Go to the line with "Blue angrakha anarkali" in the records below, then output it and each following line exactly, up to and including the line with "4、根据小组件添加教程,按照". Skip pictures and add nothing.

··········

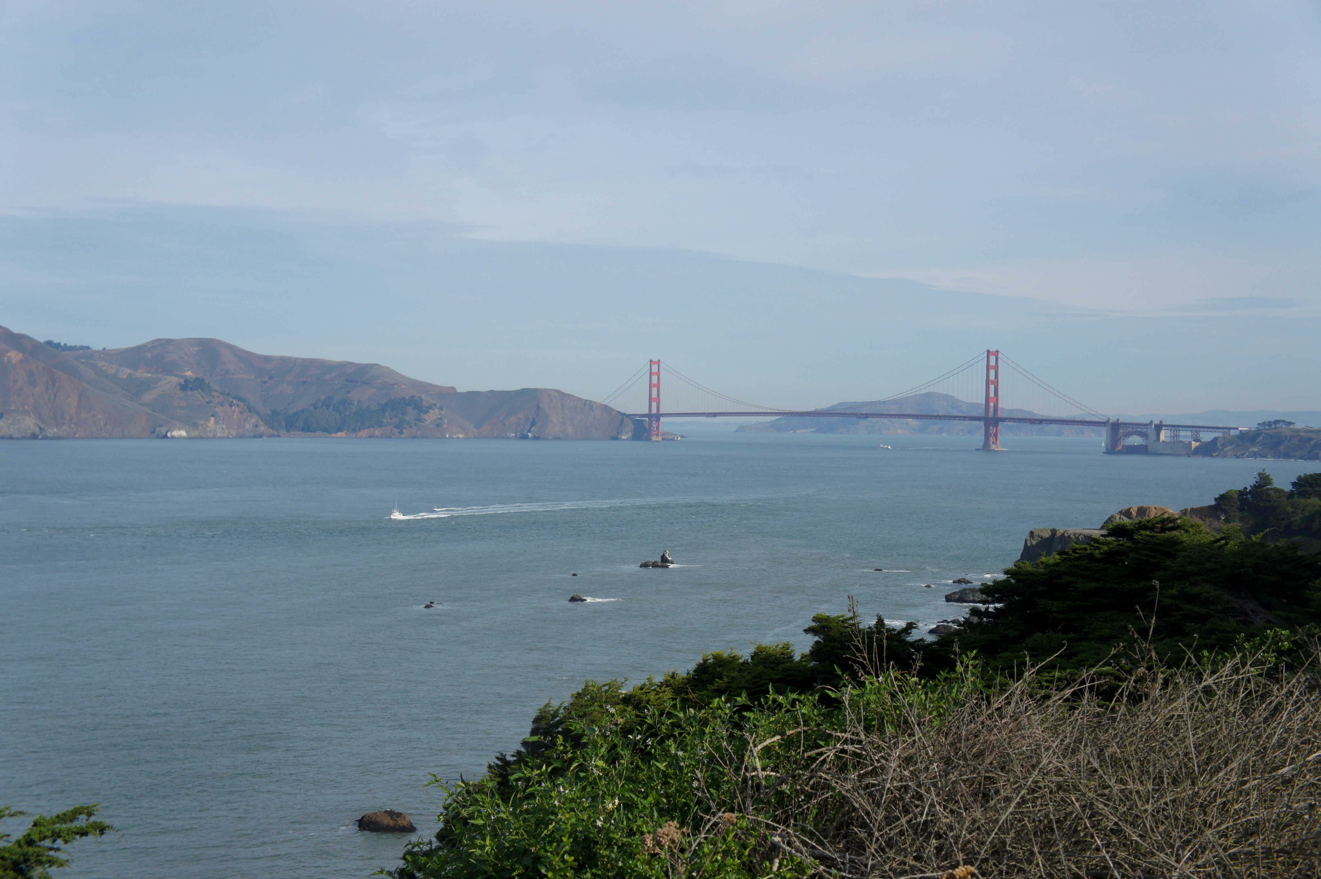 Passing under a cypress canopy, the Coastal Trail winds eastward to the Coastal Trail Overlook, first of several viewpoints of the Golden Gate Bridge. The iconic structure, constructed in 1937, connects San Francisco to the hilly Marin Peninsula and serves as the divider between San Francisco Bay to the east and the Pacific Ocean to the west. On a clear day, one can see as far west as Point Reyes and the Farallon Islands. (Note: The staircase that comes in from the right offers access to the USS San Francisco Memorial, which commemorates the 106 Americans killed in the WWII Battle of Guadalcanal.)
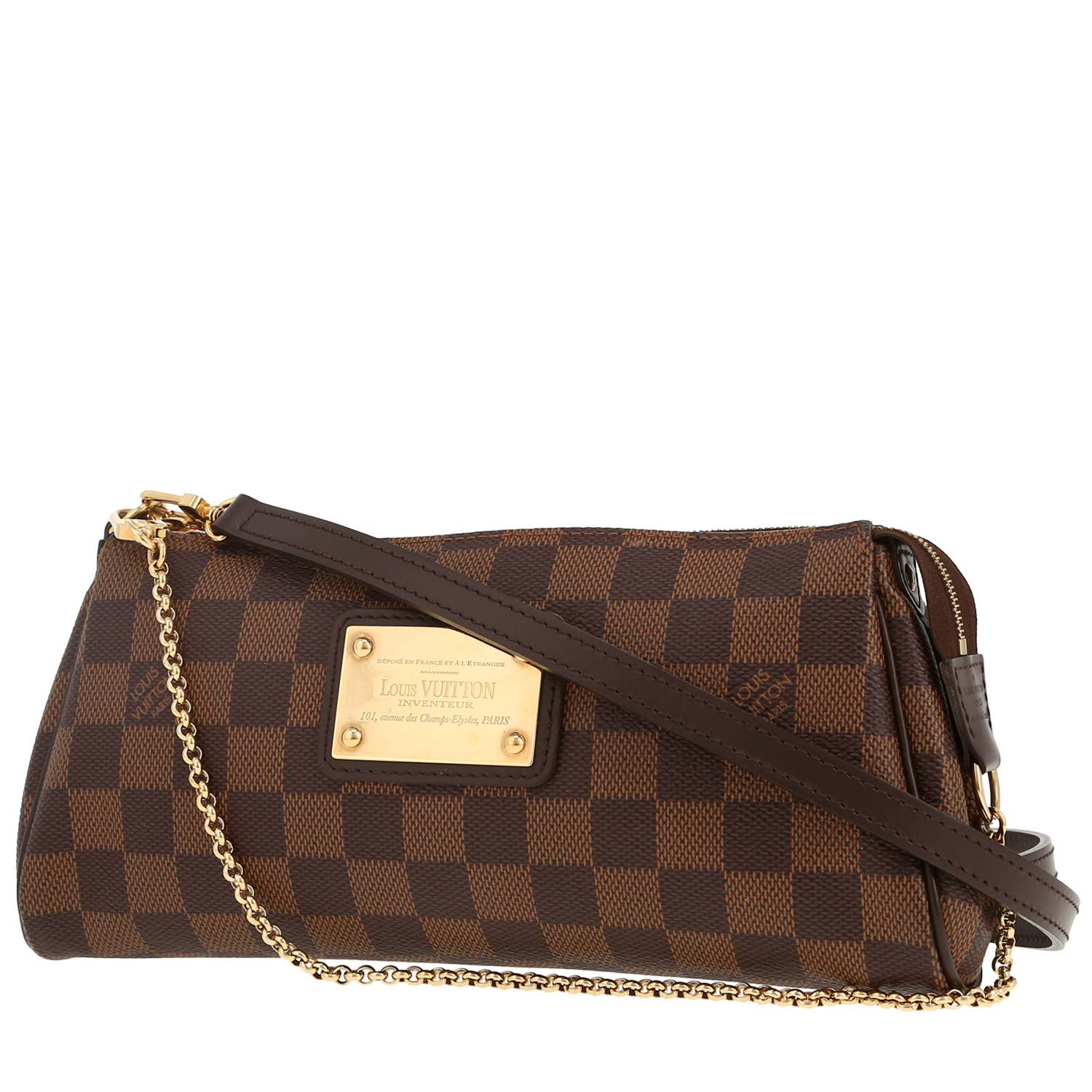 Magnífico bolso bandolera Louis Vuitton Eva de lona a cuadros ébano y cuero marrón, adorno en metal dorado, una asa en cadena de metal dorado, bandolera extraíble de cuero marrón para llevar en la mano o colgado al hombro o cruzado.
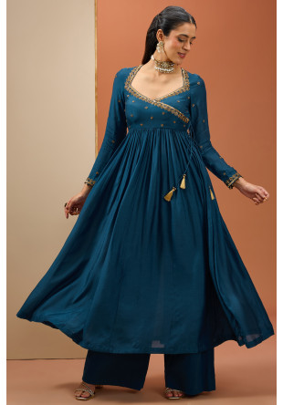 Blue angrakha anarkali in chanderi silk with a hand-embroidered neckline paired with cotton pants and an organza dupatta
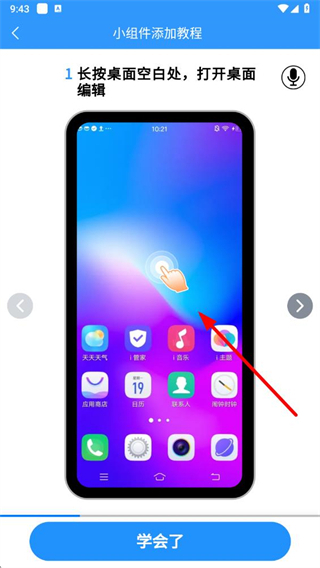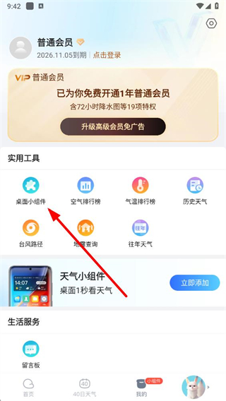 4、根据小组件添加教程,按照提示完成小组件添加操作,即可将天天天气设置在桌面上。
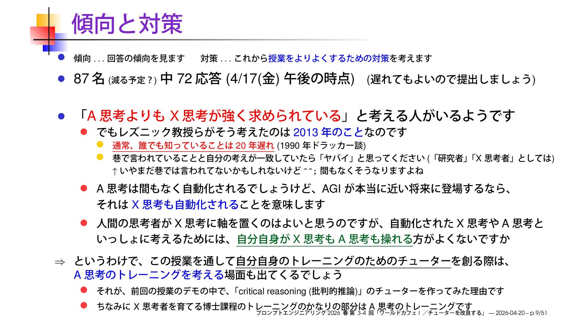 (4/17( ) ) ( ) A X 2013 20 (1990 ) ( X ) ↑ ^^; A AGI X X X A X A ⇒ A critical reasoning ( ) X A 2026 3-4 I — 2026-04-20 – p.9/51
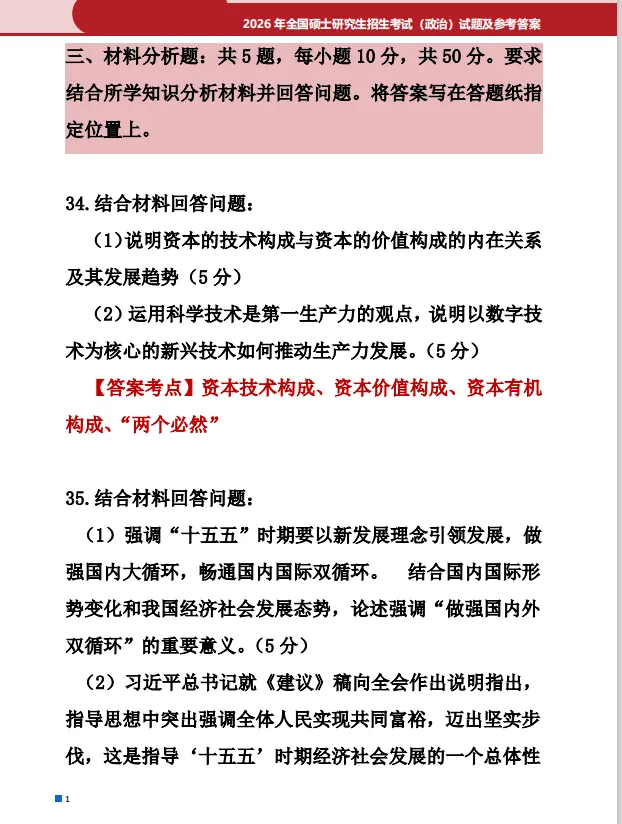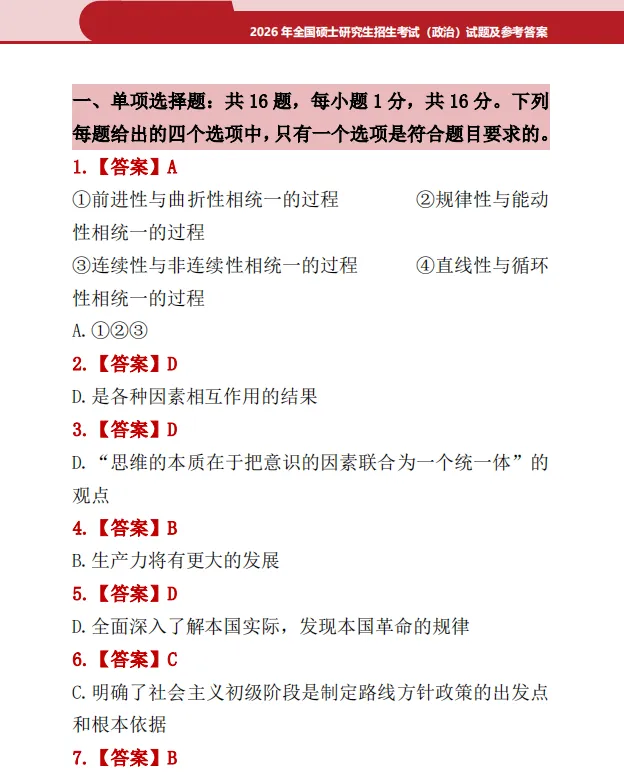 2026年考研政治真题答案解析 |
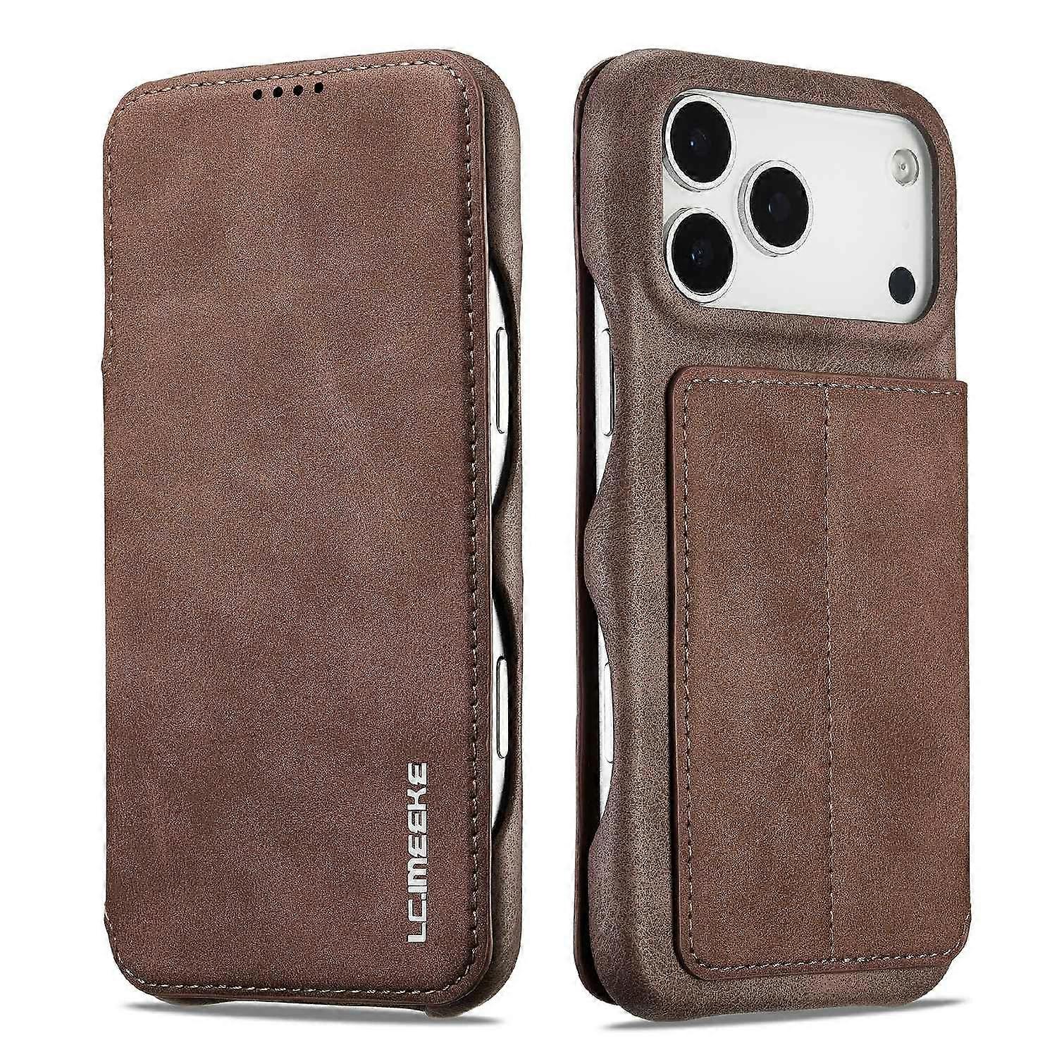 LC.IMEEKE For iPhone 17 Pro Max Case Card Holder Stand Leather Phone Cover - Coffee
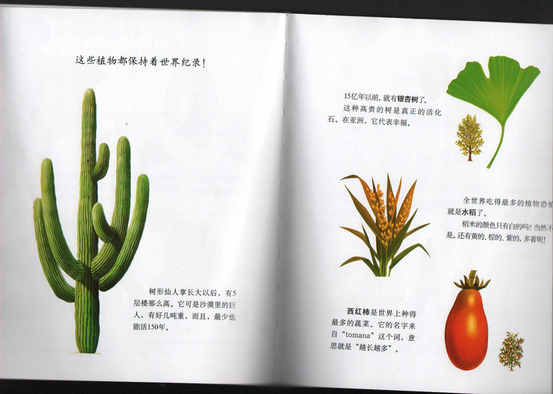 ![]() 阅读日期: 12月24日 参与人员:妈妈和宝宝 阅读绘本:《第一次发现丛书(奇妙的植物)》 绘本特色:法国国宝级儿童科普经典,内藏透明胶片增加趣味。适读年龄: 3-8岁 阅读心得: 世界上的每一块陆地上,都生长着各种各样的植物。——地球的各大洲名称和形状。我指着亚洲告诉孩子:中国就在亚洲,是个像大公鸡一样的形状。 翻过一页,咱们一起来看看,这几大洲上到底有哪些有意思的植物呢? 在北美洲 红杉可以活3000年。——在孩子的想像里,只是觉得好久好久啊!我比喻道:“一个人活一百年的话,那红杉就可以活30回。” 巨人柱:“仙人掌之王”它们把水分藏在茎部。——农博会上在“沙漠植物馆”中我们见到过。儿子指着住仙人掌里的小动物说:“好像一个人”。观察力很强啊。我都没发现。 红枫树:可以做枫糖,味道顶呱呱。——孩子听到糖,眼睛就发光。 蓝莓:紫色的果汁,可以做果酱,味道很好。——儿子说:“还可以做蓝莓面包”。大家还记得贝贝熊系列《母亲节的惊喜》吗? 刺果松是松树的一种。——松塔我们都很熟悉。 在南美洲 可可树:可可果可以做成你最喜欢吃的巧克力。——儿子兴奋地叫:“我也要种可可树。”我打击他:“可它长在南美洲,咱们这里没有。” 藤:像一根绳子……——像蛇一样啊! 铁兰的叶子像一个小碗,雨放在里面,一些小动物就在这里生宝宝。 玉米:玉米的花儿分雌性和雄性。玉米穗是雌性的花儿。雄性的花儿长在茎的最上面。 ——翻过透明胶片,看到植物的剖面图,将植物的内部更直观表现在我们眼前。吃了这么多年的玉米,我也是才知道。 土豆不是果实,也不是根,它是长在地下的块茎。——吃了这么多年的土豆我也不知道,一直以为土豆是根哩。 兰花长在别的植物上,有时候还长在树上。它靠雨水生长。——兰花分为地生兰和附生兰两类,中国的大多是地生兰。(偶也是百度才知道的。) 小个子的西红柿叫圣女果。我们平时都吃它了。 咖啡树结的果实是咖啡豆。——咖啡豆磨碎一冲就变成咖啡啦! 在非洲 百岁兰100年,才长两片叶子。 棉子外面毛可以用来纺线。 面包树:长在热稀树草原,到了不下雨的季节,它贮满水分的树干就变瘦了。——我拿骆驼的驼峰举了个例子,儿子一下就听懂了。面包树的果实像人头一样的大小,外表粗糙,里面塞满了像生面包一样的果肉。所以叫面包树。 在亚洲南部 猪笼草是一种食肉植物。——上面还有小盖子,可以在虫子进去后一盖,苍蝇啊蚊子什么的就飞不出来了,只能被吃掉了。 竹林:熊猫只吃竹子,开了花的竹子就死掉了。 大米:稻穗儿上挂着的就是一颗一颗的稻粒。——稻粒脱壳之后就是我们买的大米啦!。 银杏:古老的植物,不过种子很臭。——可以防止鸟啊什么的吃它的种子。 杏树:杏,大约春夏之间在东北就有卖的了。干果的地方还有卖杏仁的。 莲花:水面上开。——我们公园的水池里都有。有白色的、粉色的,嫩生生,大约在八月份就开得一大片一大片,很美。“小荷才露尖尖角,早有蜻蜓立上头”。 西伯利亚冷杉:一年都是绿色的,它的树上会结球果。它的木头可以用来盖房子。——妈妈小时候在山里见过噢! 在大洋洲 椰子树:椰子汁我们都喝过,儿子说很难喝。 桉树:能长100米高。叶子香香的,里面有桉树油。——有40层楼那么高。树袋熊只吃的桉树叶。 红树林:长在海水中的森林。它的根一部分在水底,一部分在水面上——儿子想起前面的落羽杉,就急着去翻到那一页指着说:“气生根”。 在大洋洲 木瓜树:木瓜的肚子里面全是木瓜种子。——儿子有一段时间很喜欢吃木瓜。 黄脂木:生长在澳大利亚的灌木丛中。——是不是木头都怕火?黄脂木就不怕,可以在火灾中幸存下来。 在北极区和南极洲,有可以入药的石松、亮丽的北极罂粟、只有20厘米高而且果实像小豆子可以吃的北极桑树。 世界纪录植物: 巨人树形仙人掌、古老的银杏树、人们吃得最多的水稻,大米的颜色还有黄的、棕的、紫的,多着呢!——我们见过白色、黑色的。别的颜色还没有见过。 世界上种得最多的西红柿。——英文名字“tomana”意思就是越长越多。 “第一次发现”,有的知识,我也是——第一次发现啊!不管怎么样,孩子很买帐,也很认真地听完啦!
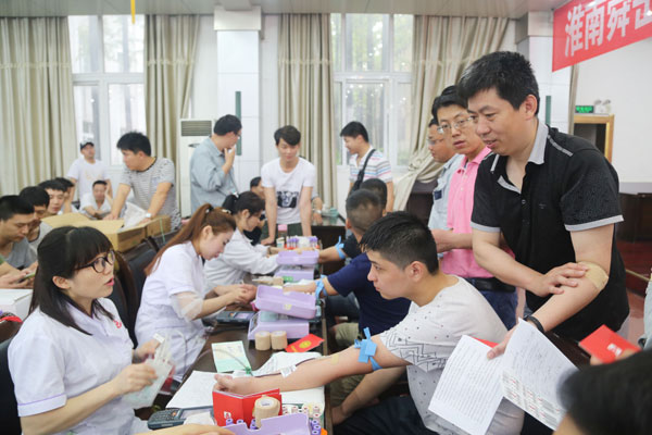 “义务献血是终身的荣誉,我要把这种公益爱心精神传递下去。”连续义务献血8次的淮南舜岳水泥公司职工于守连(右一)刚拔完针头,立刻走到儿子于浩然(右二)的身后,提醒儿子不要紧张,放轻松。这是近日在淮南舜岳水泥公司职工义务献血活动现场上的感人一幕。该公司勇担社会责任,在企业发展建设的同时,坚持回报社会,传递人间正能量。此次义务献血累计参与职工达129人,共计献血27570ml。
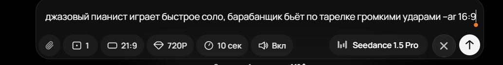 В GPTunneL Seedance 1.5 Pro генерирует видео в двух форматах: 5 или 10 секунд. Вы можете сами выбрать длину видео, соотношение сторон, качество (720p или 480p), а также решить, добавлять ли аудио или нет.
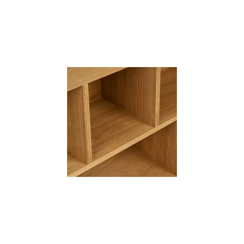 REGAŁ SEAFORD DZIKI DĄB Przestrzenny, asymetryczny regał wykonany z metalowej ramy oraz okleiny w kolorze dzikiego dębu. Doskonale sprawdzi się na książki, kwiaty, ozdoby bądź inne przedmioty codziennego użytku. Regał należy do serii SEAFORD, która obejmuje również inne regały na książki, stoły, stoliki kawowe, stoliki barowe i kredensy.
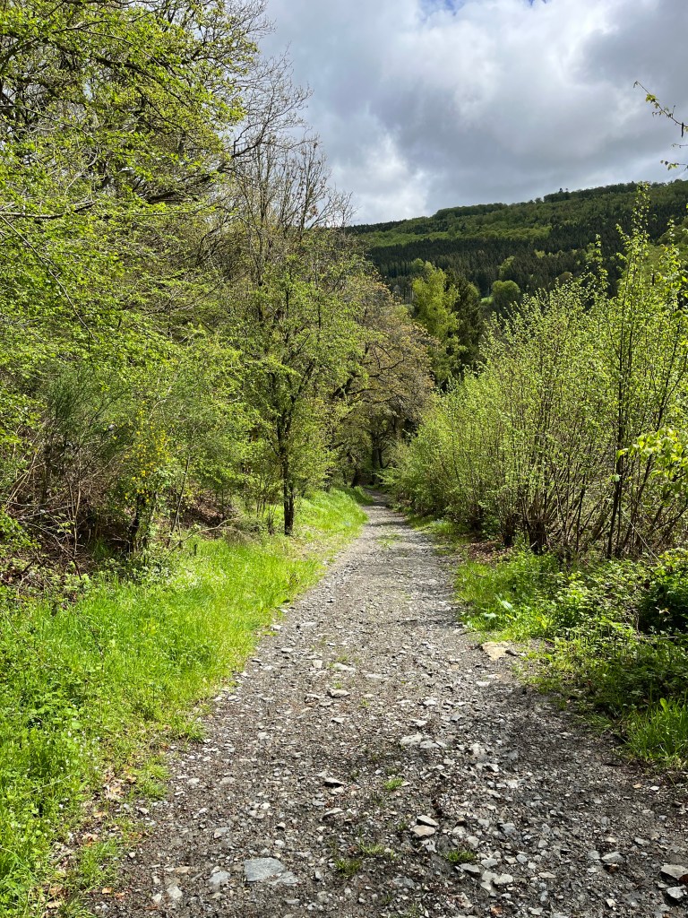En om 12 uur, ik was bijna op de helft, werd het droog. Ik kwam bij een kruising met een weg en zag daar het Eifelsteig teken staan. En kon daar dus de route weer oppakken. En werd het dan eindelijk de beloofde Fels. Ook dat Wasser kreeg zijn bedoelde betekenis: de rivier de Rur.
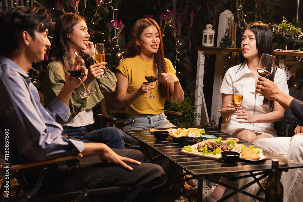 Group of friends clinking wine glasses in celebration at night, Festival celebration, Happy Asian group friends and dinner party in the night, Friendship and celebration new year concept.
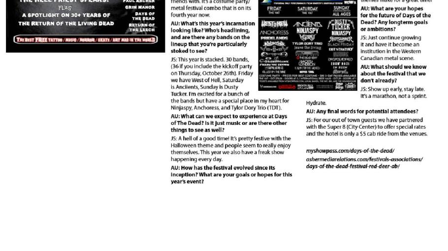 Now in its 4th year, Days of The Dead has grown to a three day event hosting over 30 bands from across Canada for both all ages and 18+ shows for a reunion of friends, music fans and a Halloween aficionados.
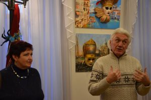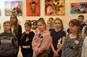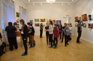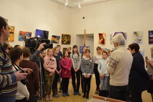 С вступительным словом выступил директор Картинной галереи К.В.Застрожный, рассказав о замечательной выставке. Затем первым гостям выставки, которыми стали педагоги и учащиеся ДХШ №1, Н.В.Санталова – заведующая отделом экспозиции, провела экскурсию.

··········

Result of this task:
 Blue angrakha anarkali in chanderi silk with a hand-embroidered neckline paired with cotton pants and an organza dupatta
 4、根据小组件添加教程,按照提示完成小组件添加操作,即可将天天天气设置在桌面上。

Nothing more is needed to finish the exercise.